Back in the day (college, and for a few years after) I ran an insane schedule. There was a time I had four campaigns going at once – three fantasy campaigns with GURPS, one Champions campaign – and I was prone to frequent burnout. I had to take a few months off every two to three years.
Then I discovered fantasy combat LARPing. I'd been a GM for twenty years. I'd done that about ten times as often as I was ever a player. Not only did I want to play, but there was the sheer exhilaration of not merely sitting back in an armchair, holding dice and telling a GM what my character was doing, but by-God working my way through a forest, holding a cutlass and leading an actual attack against the bad guys. For real. Being physical again, as I hadn't been since I was a teenager.
It was full of awesome ... and it also took place on the weekends. The summer I went full-on, starting a long stretch of 15-20 events a year, my carefully balanced two-weekends-a-month groups went blooey. I called another "hiatus" -- this one lasted nearly a decade.
But ... combat LARPing is a young adventurer's game.

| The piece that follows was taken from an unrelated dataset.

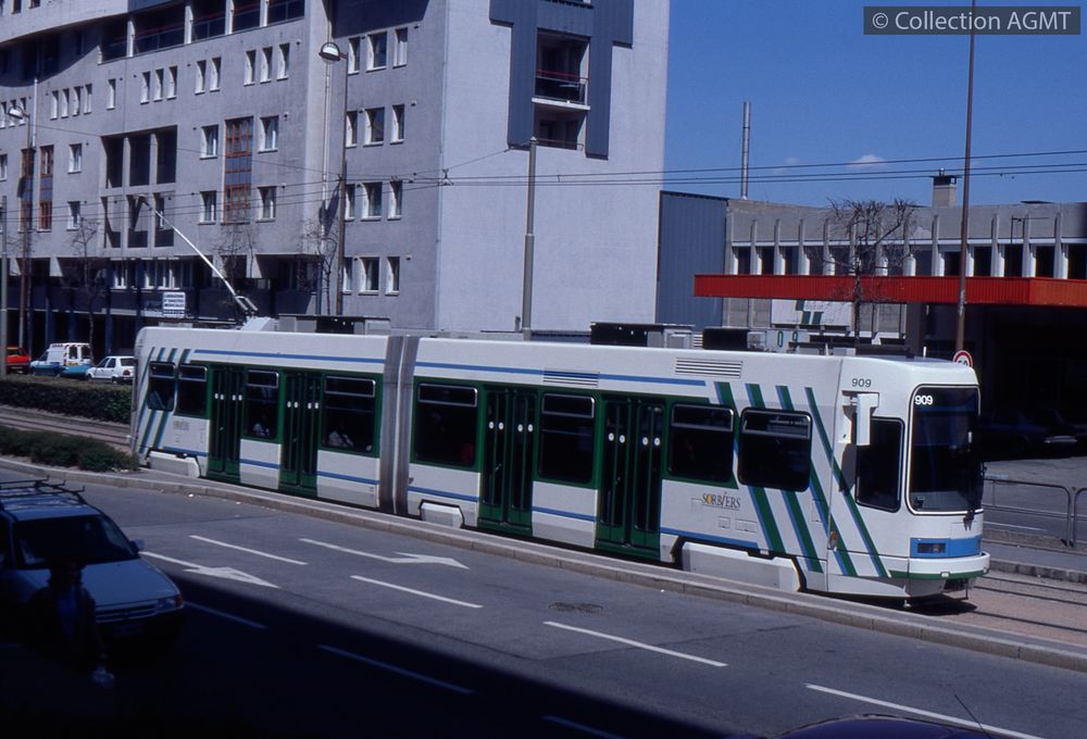 Affiner la recherche Interroger des sources externesL'automotrice 913 de la STAS pousse la 910, en panne, sur le site propre de la rue Bergson à St-Etienne / Jeremy Wiseman

I'd been LARPing 13 years all told by the early 2000s, and I was a few years older than most of the others when I'd started. The politicking had long since gotten to me, it was eating my life, and at age 42 (the oldest player in the game), the six hours of fight practice I was inflicting upon my deteriorating joints each week wasn't doing more than slowing the erosion of my skills. I got out.
So I wasn't being creative, I was bored out of my gourd, our social circle had almost all been in the LARP (and promptly vanished when we did), and my future wife suggested I haul the dusty crates full of papers and gamebooks out of the basement and GM again. That was eleven years ago.
And that's the way to do it. Burned out? Your game just isn't satisfying, and hasn't been for a while? Take six months off and walk in the woods. Take in some hockey or soccer matches. Play board games. Do that volunteer work your gaming schedule sabotaged. Catch up on your reading, go bowling, hit a museum a day a week, whatever. The official rules of that LARP were ceremonially read before every event, and Rule #1 started with "We should all be doing this to have fun."
I keep that in mind. We should all be doing this to have fun. If we're not, we should do something that is, and if that isn't playing RPGs, then it isn't. No harm, no foul. Honest.
Seriously, your friends will understand. Heck, two of the players at the end in 1994 came back, and are in my group today.